# Kamei Wheels made by Borbet - INFORMATION NEEDED



## Social_Joe (Feb 26, 2010)

Hopefully I'll have more luck here than I had over at WW....

I stumbled into these a couple months back and am currently stripping/polishing the lips. They're 15x7 ET26 labeled as Kamei, but on the back of the spokes labeled Borbet made in Germany. The two links below are the only other set I've been able to find online at all and I haven't been able to find them in any old Kamei advertisements. I'd just like to know some history on these if there is any available. 

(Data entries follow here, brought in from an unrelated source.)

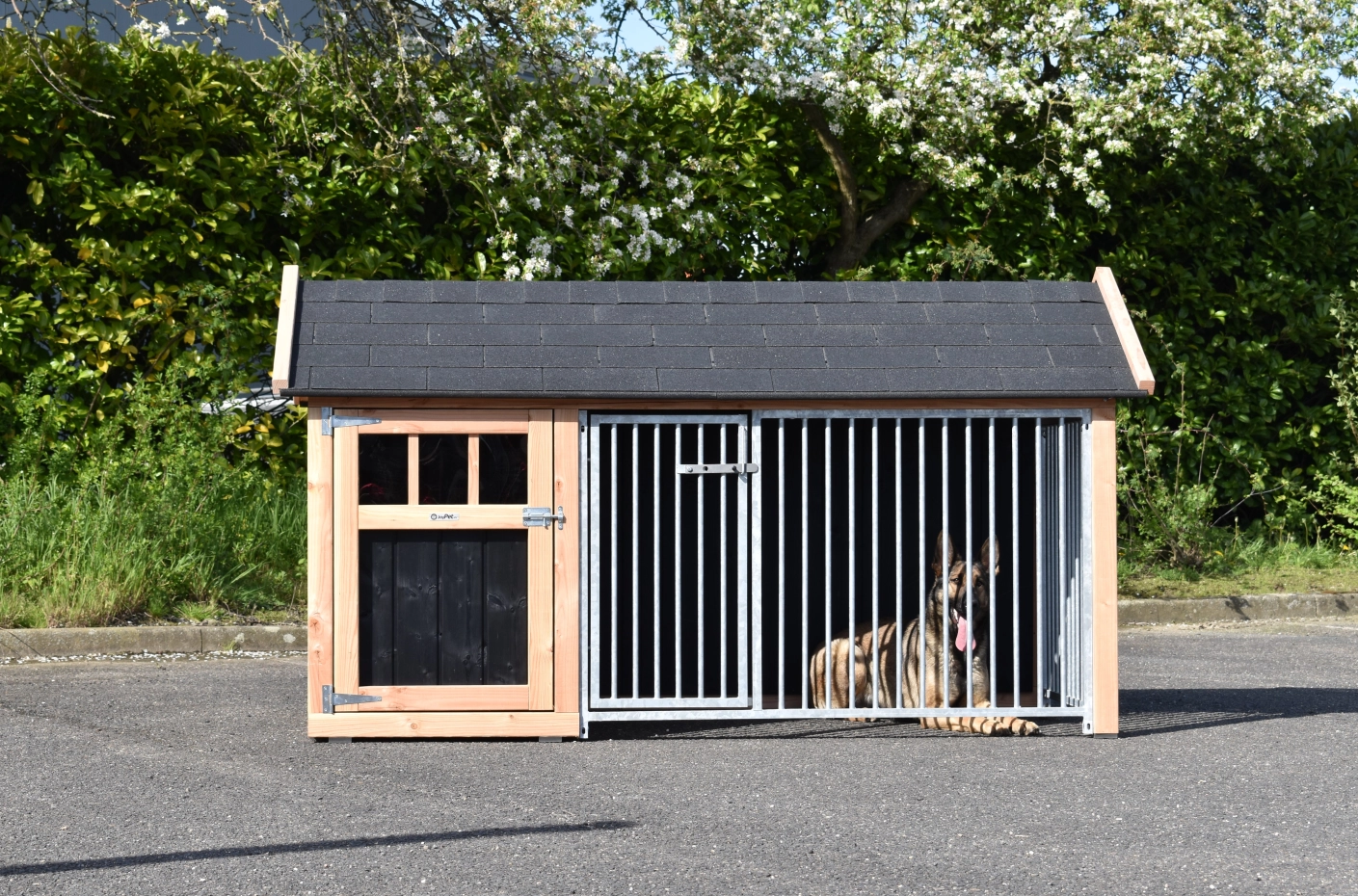 Hundezwinger Isabelle 2 ist geeignet für (mittel)große Hunden. Der Schlafraum hat ein dichte Holzboden und ist ausgestattet mit ein große Tür. Der Isabelle 2 ist ausgestattet mit ein dichte Wande und zwei Gitterpaneele. Es bietet ein schöne Platz für Ihre Hund.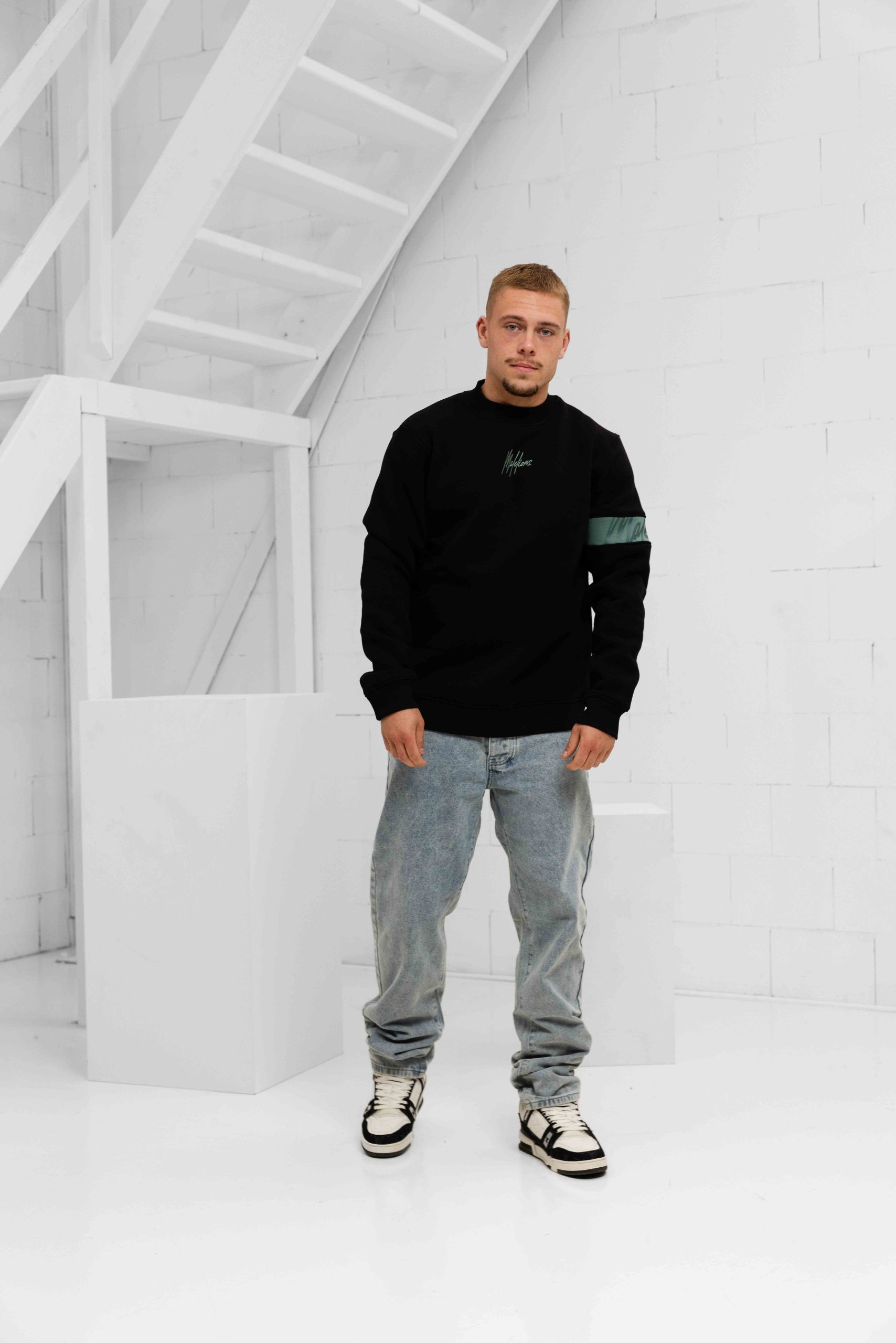 Heren > Malelions Heren > Malelions Captain Sweater Heren Zwart/Lichtblauw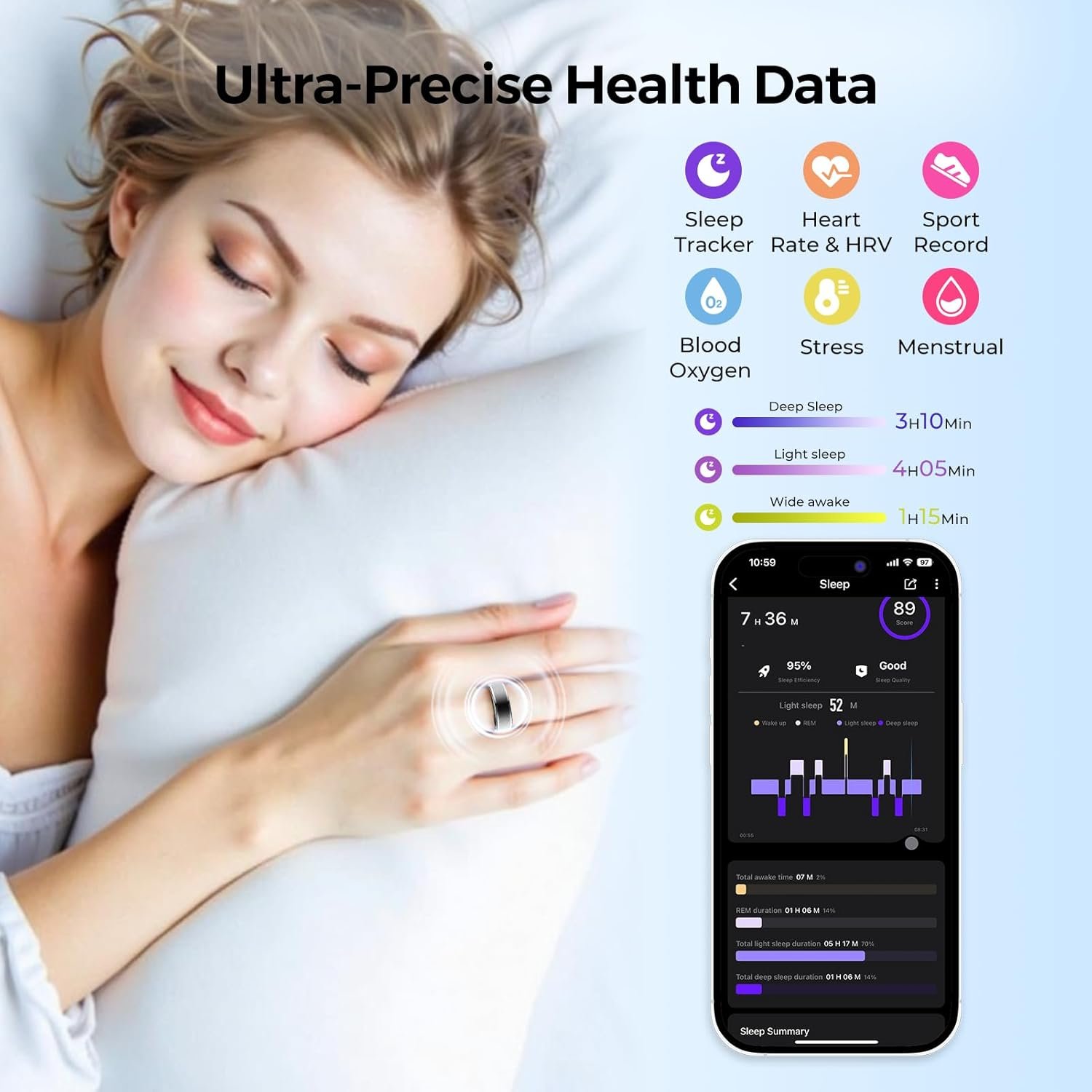 【Multifunctional Smart Ring】The vital health ring combines health monitoring, fitness tracking, and sleep analysis. Track heart rate, blood oxygen(SpO₂), stress, HRV, sleep data, steps, distance and calories. This lightweight fitness ring provides real-time data to help you meet your health goals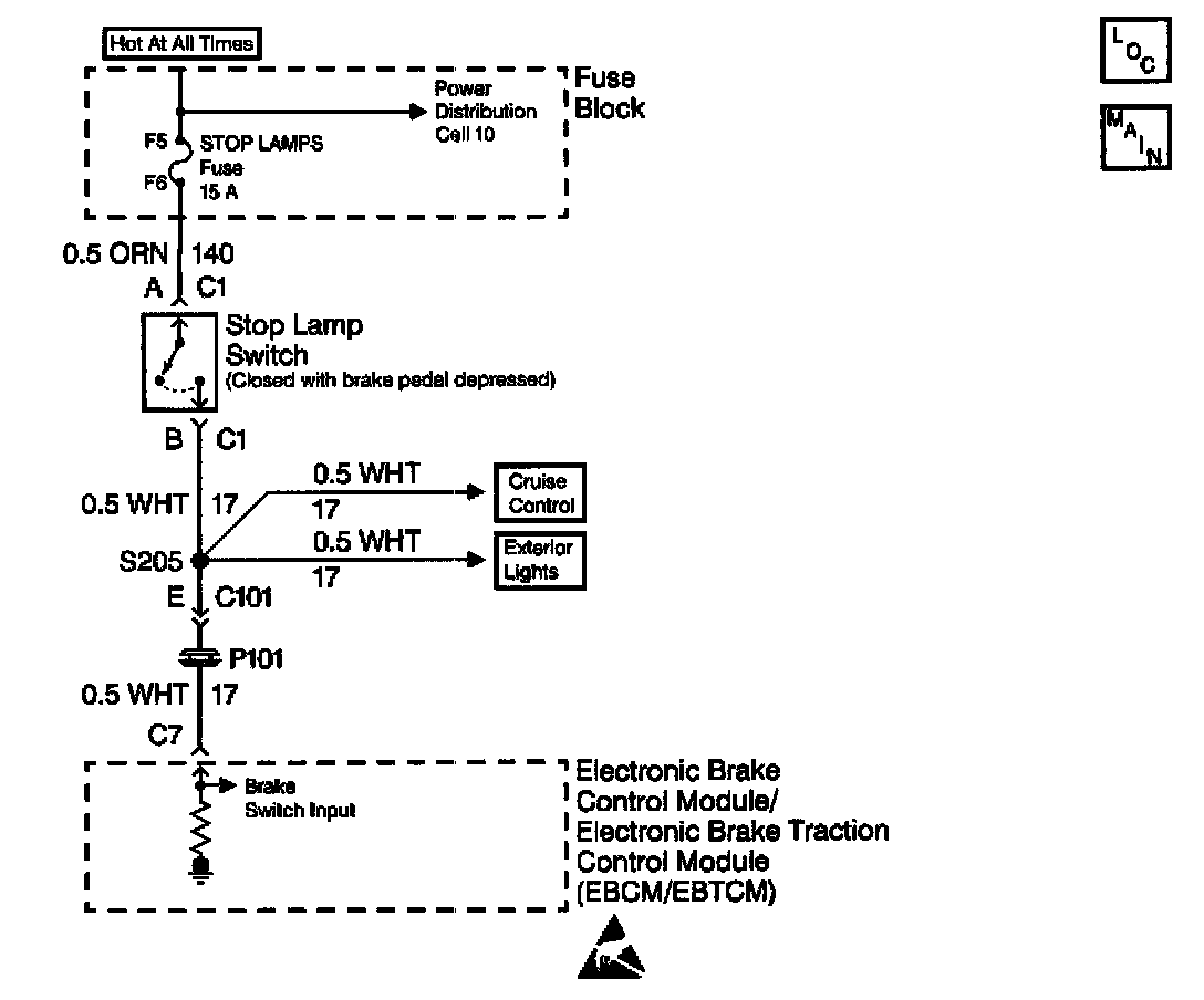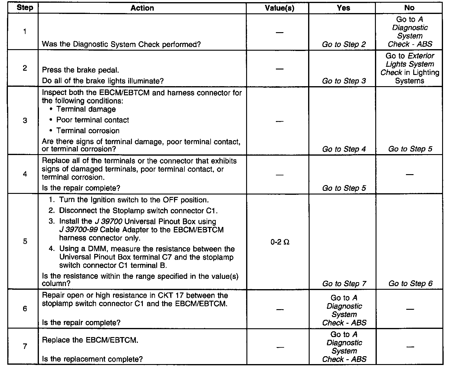 ^ The EBCM/EBTCM senses an open circuit condition for 2 seconds or more in all brake lamps.

Story goes this girl and her hubby were stationed in Germany and had a '92 GTI. They met a local that traded them these wheels for a supply of food you could only get at the PX. I randomly was in a bar she worked at one evening in a VW hoodie and started chatting VW. Well.... 3 were on top of her backyard shed, one was at her ex-husband's in another town with a cap, and the 3 other caps are POSSIBLY in the GTI at her estranged bf's in yet another town. 

Fortunately the caps are identical to Borbet A flat-caps, so I was able to come up with a set fairly easily. 

Thanks for the help in advance 

http://www.r3vlimited.com/board/showthread.php?t=189739

http://forums.vwvortex.com/showthread.p ... cent-Tires

Pic stolen from link above









On my car prior to new tires and a refinish/polish that was badly needed.


















In progress:



















As of Saturday:




















Thanks!


----------



## Social_Joe (Feb 26, 2010)

BUMP

Seriously... no extra information at all?

I went through all the literature and old magazine articles on driversfound.com and still nothing. I'd like to think there was more than 2 sets of these things ever made, lol.


----------